= Hampus Lindwall =

Swedish organist

Hampus Lindwall (born 1976 in Stockholm, Sweden) is a Swedish organist, composer, and improviser known for his work in contemporary, experimental, and electronic music, often in relation to the organ. Since 2005, he has been titular organist at the Church of Saint-Esprit in Paris.

== Life and work ==
Lindwall grew up in Stockholm in a musical family and began his musical career in the 1990s as a guitarist in rock, metal, and jazz bands. He later turned to keyboard instruments and the organ. He studied at the Royal College of Music in Stockholm, where his teachers included Torvald Torén and Anders Bondeman. From 2002, he continued his studies in France at the Conservatoire de Saint-Maur-des-Fossés and the Conservatoire National Supérieur de Musique in Lyon, where he studied with Eric Lebrun, Pierre Pincemaille, and Loïc Mallié.
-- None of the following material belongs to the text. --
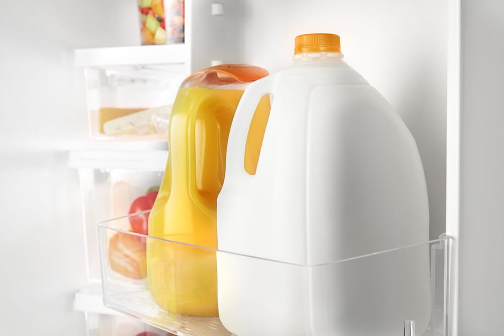 Adjustable gallon door bins are strong enough to hold large bottles, jugs and containers, freeing up shelf space

He also studied privately with Rolande Falcinelli.

He has performed at institutions and festivals including the Philharmonie de Paris and the Festival d’Automne in Paris, where he has premiered works by composers such as Raphaël Cendo and Édith Canat de Chizy, and collaborated with artists including Stephen O’Malley.

He has premiered works by contemporary composers including Noriko Baba in recordings made at Radio France.

== Recordings ==
He has released recordings on labels including Ligia Digital, Clean Feed Records, Firework Editions, Matière-Mémoire, SUPERPANG, and Blank Forms.
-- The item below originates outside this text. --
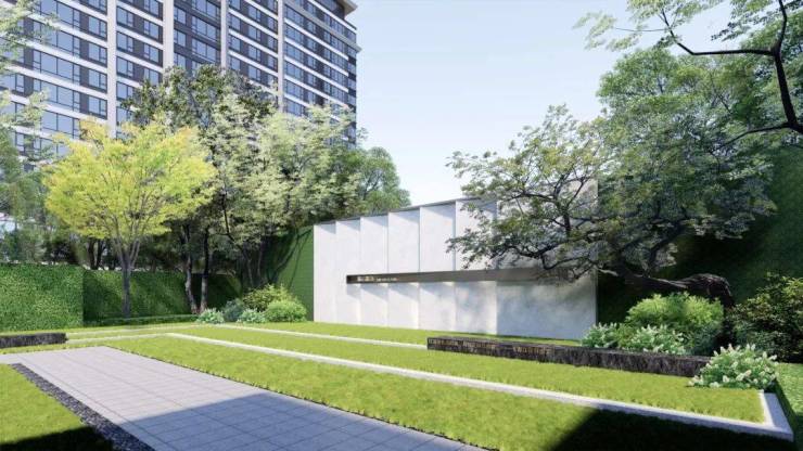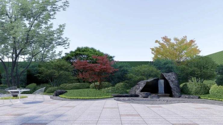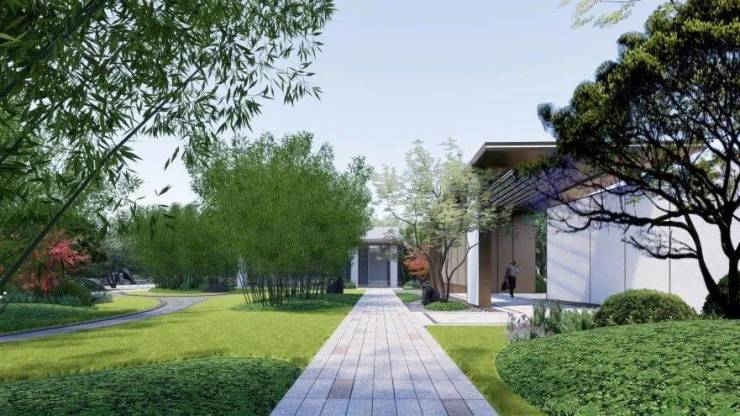 我们以板岩竖拼出一条流动的曲线,仿佛河流般流淌于林屿之中,并利用曲线流动产生的进退关系与行进的视线相呼应,配置竹林绿岛,在小空间中利用框景、障景、漏景等传统园林的设计手法进行设计,形成一幅幅具有现代江南园林感受的空间画面,使来访者在游园中感受惬意与惊喜。

His 2021 album Lost and Found, released on the label Matière-Mémoire, was described by Boomkat as featuring “virtuosic acid solos” performed on a Roland TB-303.

His 2025 album Brace for Impact was reviewed in The Wire, where Lucy Thraves described its organ writing as “dense, virtuosic, angular and involved” and noted its emphasis on compositional system-building and in The Quietus, which highlighted its exploration of the organ’s “textures and resonances” and its use of syncopated, off-kilter rhythms and dissonance.